Single Mothers: SHHH...Encouraging Fatherhhood does NOT negate your efforts as a parent


     Today I listened to a podcast segment called Cousin Ed's Corner honoring Fatherhood on Next Door Neighbor (NDN) Radio. Cousin Ed featured the segment of The View's interview with actor Terry Crews. During this interview, Terry speaks about his perspective on Fatherhood and why he feels it's important to have a male present in the family unit. Immediately, the single mother's of the cast began to chime in over-talking and debating him. Eventually, the chatter died down and he was able to make his stance and position on fatherhood clearer. Nevertheless, something about the immediate level of defensiveness the single mother(s) took struck a nerve, in me. My mother always told me "A hit dog will holla" and I guess the same holds true in this situation.
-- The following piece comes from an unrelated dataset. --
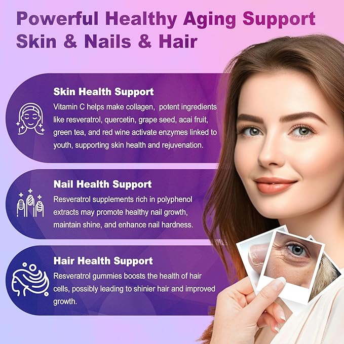 • [Retain Youth, Healthy Aging Supplement]: Resveratrol Supplement - Recognized as a natural, powerful healthy aging supplement, 98% extracted from organic knotweed root, as high-purity trans-resveratrol, more bio Utilization and maximum health benefits. Our resveratrol gummies help skin, nails, and hair rejuvenate, don't fear the years, may can do less useless work on the road to healthy aging.

     As a former single mother and a product of a long lineage of single mothers I am fully aware of the nerve that Terry's comments struck. I too held strong to my beliefs that as a single parent I was capable of providing all of my child's needs. Over the years, I've come to the conclusion that when put into the situation of being a single parents, historically, women have risen to the occasion and produced outstanding and productive men and women into today's society.  Needless to say, women have adapted to the rearing children alone. In fact, woman have increasingly become accustomed to the belief that they don't need a man to assist in child rearing when the opposite is, in fact, true. The presence of a male entity IS needed child rearing.
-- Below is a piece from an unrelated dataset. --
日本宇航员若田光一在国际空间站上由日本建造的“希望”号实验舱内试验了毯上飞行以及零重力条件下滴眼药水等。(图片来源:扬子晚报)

     Universally, there has always been balance in the world. It’s a dual dichotomy of energy that creates an environment of peace and stability. Male and female, Ying and Yang, light and dark. All of these items are dependent on each other for the existence survival of humanity. Too much of one could create an imbalance that could have a detrimental effect on life, as we know it. So, why is it so hard to understand that the same rules apply when parenting children. The effects of not having the influence of both sexes may not show themselves directly or immediately in the lives and/or personality of a child. However, it may rear its ugly head when that child grows into an adult and struggles with making meaningful relationships.
     In turn, I said all of that to say, Single Mothers when an individual speaks about the necessity of a male entity in the life of a child. It's not an attack on you as a single mother, provider, working two jobs, and going to school.  No it's actually, a reminder that there is a thing called balance in life. You, single mother were not created be a single parent. Although you have adapted to that position, a relationship with a male entity is still needed in the life of a child. In closing, I challenge all the males to reach out to some of the fatherless children in your realm. You are a NECESSITY in the life of a child. They need YOU. Also, I challenge all the single mother's to SHHH, be still, and know that you are not being attacked but being sent a help mate or a Ying to your Yang to balance out the areas in the life of your child(ren) that you can't and was not designed to fulfill.